Department of Mechanical Engineering, The Pennsylvania State University, University Park, PA 16802, USA.
J Neural Eng. 2013 Apr;10(2):026016. doi: 10.1088/1741-2560/10/2/026016. Epub 2013 Feb 28.
To explore the use of classical feedback control methods to achieve an improved deep brain stimulation (DBS) algorithm for application to Parkinson's disease (PD).
A computational model of PD dynamics was employed to develop model-based rational feedback controller design. The restoration of thalamocortical relay capabilities to patients suffering from PD is formulated as a feedback control problem with the DBS waveform serving as the control input. Two high-level control strategies are tested: one that is driven by an online estimate of thalamic reliability, and another that acts to eliminate substantial decreases in the inhibition from the globus pallidus interna (GPi) to the thalamus. Control laws inspired by traditional proportional-integral-derivative (PID) methodology are prescribed for each strategy and simulated on this computational model of the basal ganglia network.

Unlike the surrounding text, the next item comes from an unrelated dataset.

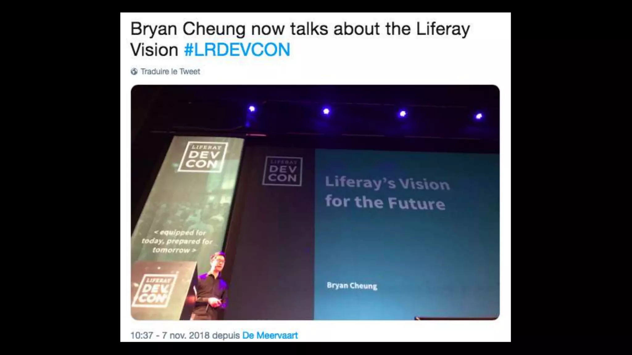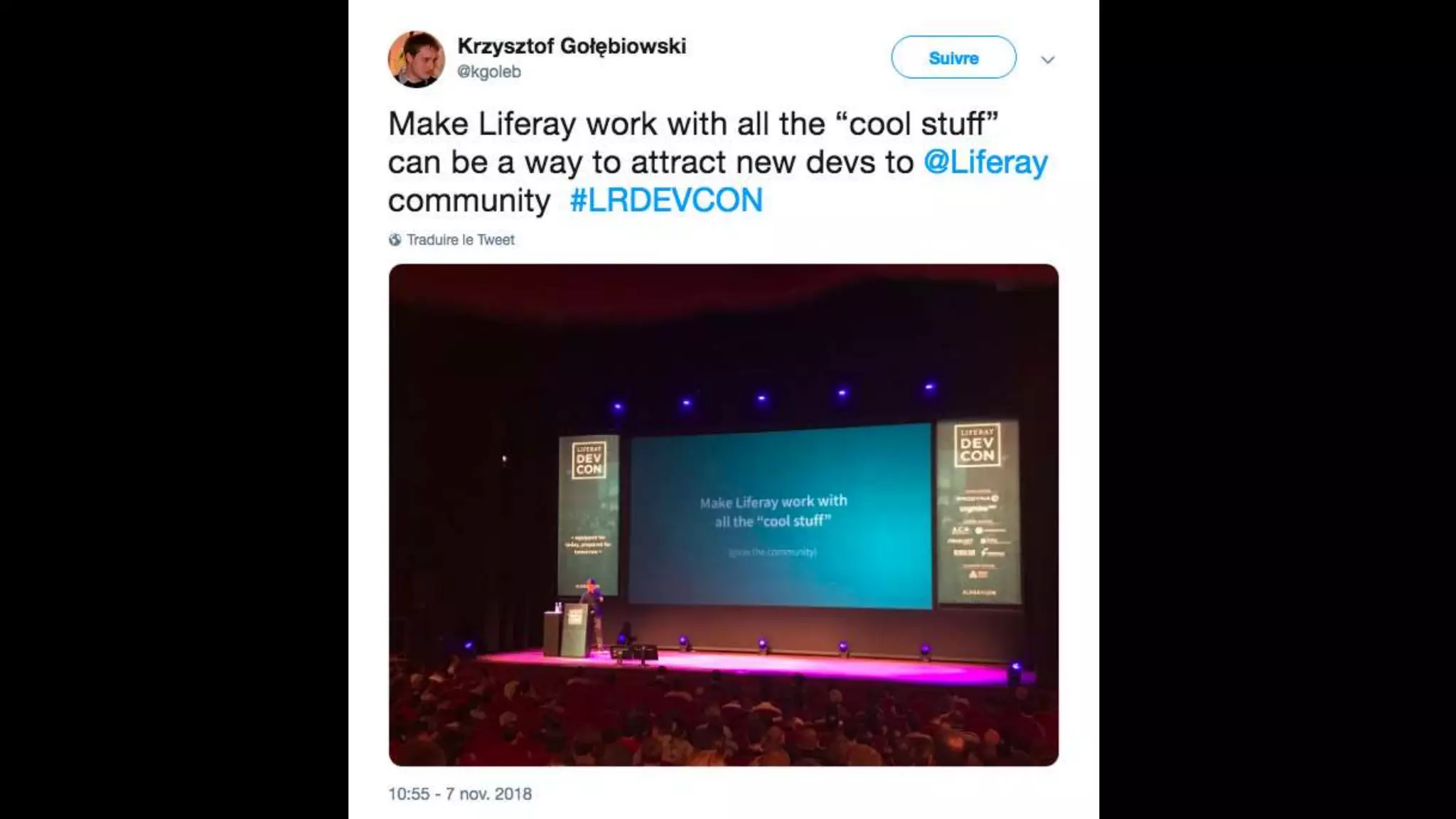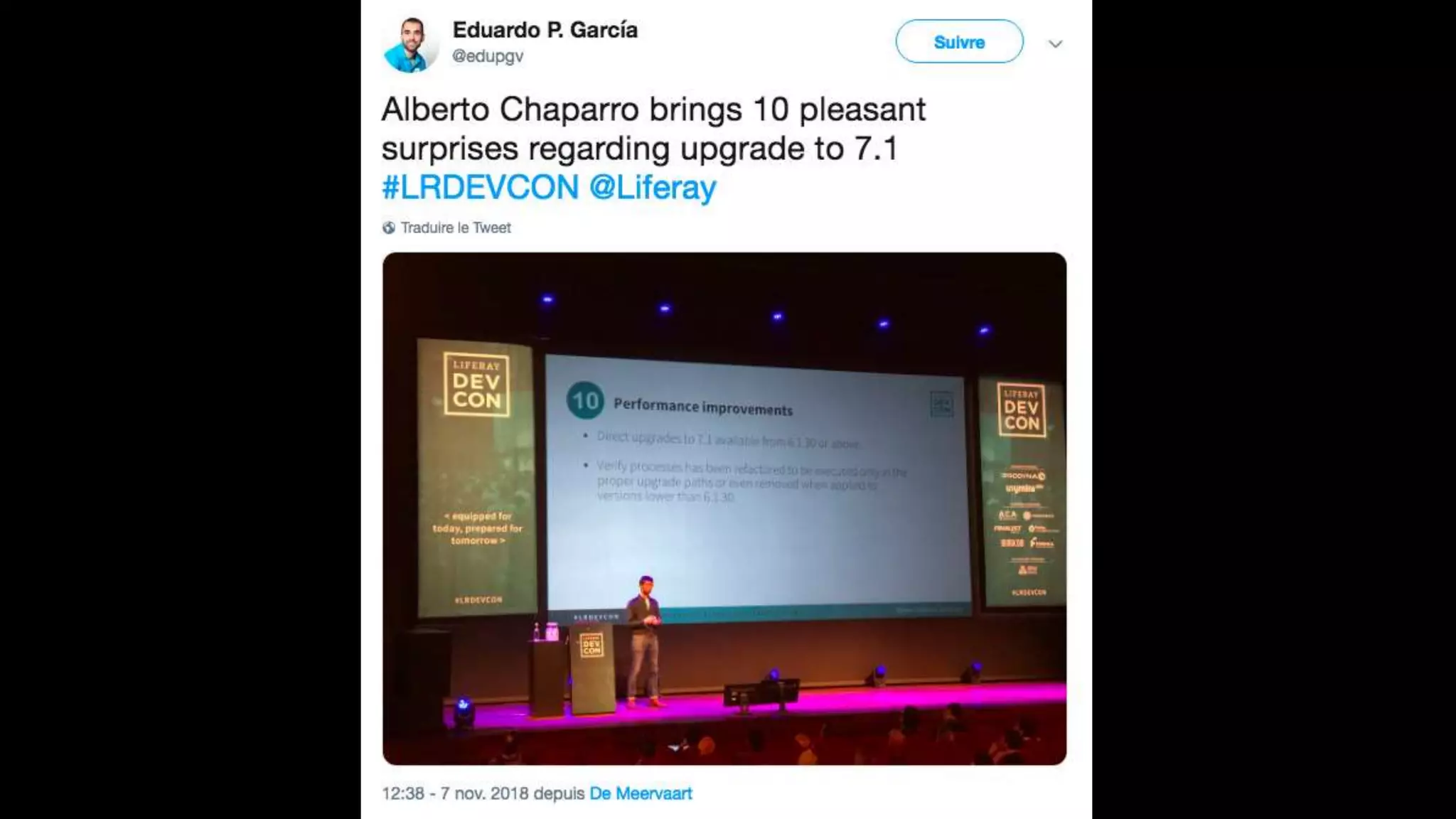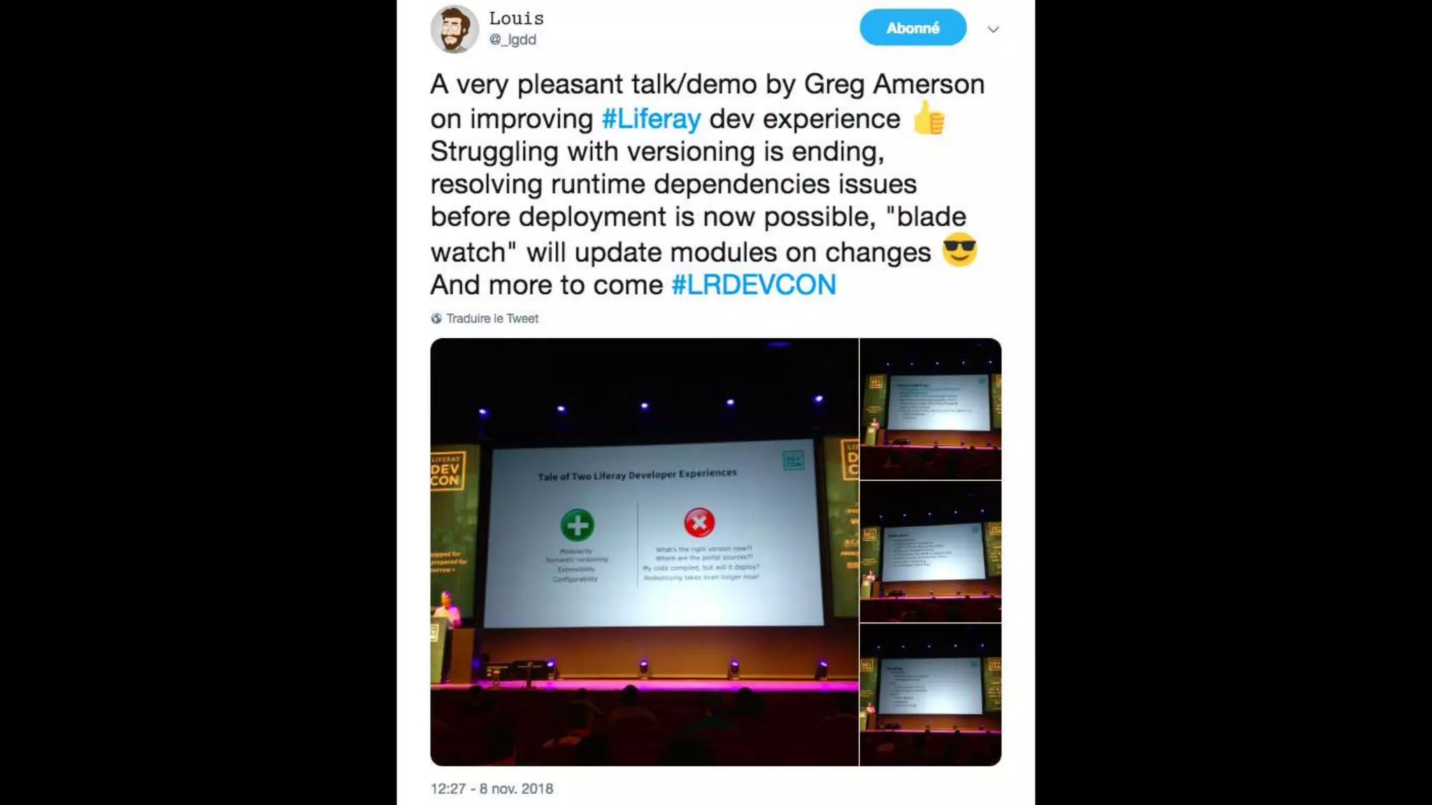 The document highlights the Liferay France User Group meetup #10 held in November 2018, detailing events from the unconference on November 6 and subsequent days. It includes links to impressions from the first day and resources for dependency visualization during the event. Additionally, it references the agenda available on Liferay's official site.
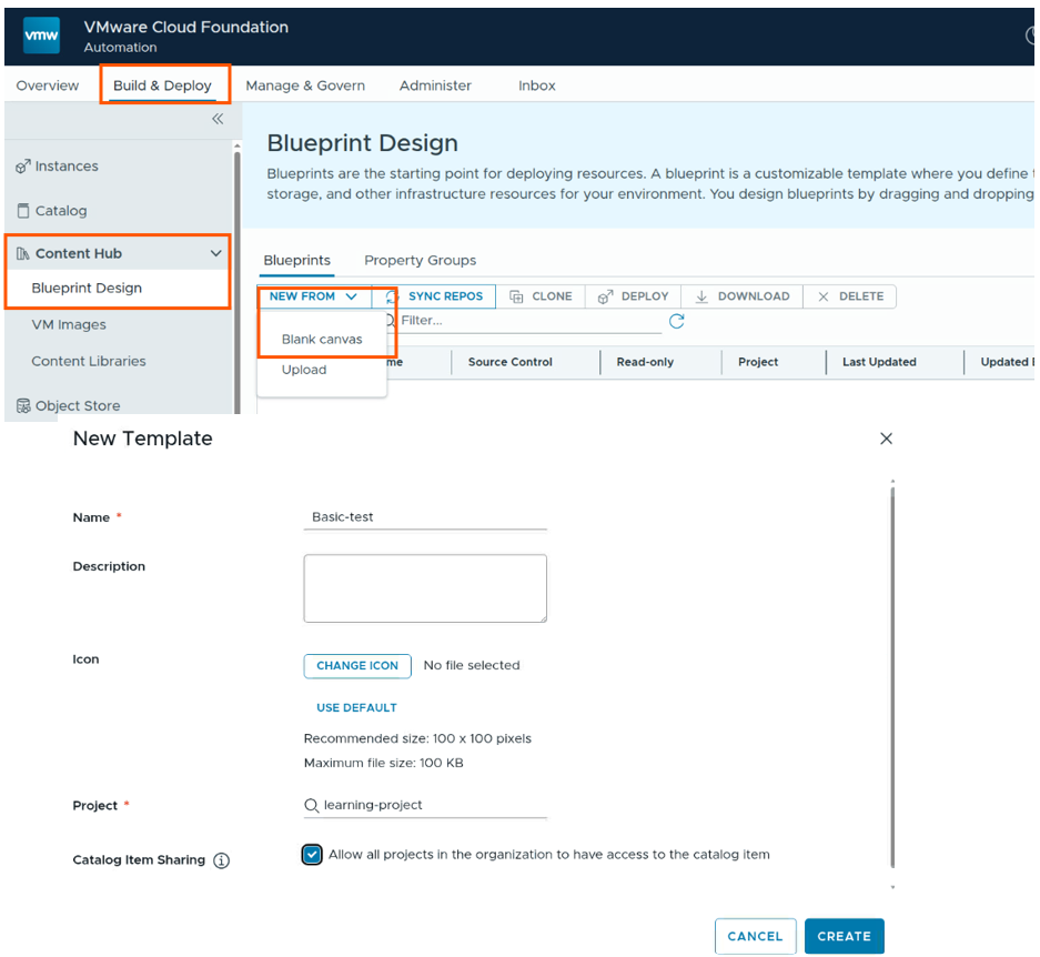 Now we can create a blueprint and publish it, or we upload a OVA/OVF image files and publish them to Catalog.

For control based upon thalamic reliability, a strategy of frequency proportional control with proportional bias delivered the optimal control achieved for a given energy expenditure. In comparison, control based upon synaptic inhibitory output from the GPi performed very well in comparison with those of reliability-based control, with considerable further reduction in energy expenditure relative to that of open-loop DBS. The best controller performance was amplitude proportional with derivative control and integral bias, which is full PID control. We demonstrated how optimizing the three components of PID control is feasible in this setting, although the complexity of these optimization functions argues for adaptive methods in implementation.
Our findings point to the potential value of model-based rational design of feedback controllers for Parkinson's disease.
探索使用经典反馈控制方法来改进深部脑刺激(DBS)算法,以应用于帕金森病(PD)。
采用 PD 动力学的计算模型来开发基于模型的合理反馈控制器设计。将恢复患有 PD 的患者的丘脑皮质中继能力制定为一个反馈控制问题,其中 DBS 波形作为控制输入。测试了两种高级控制策略:一种由丘脑可靠性的在线估计驱动,另一种作用是消除从内苍白球(GPi)到丘脑的抑制的大量减少。为每个策略规定了受传统比例积分微分(PID)方法启发的控制律,并在基底神经节网络的这个计算模型上进行了模拟。
对于基于丘脑可靠性的控制,具有比例偏差的频率比例控制策略提供了在给定能量消耗下实现的最佳控制。相比之下,基于来自 GPi 的突触抑制输出的控制与基于可靠性的控制相比表现非常出色,与开环 DBS 相比,能量消耗进一步大大降低。最佳控制器性能为具有导数控制和积分偏差的幅度比例,这是全 PID 控制。我们展示了如何在这种情况下优化 PID 控制的三个组成部分是可行的,尽管这些优化函数的复杂性表明在实施中需要自适应方法。
我们的发现指出了基于模型的反馈控制器对于帕金森病的合理设计的潜在价值。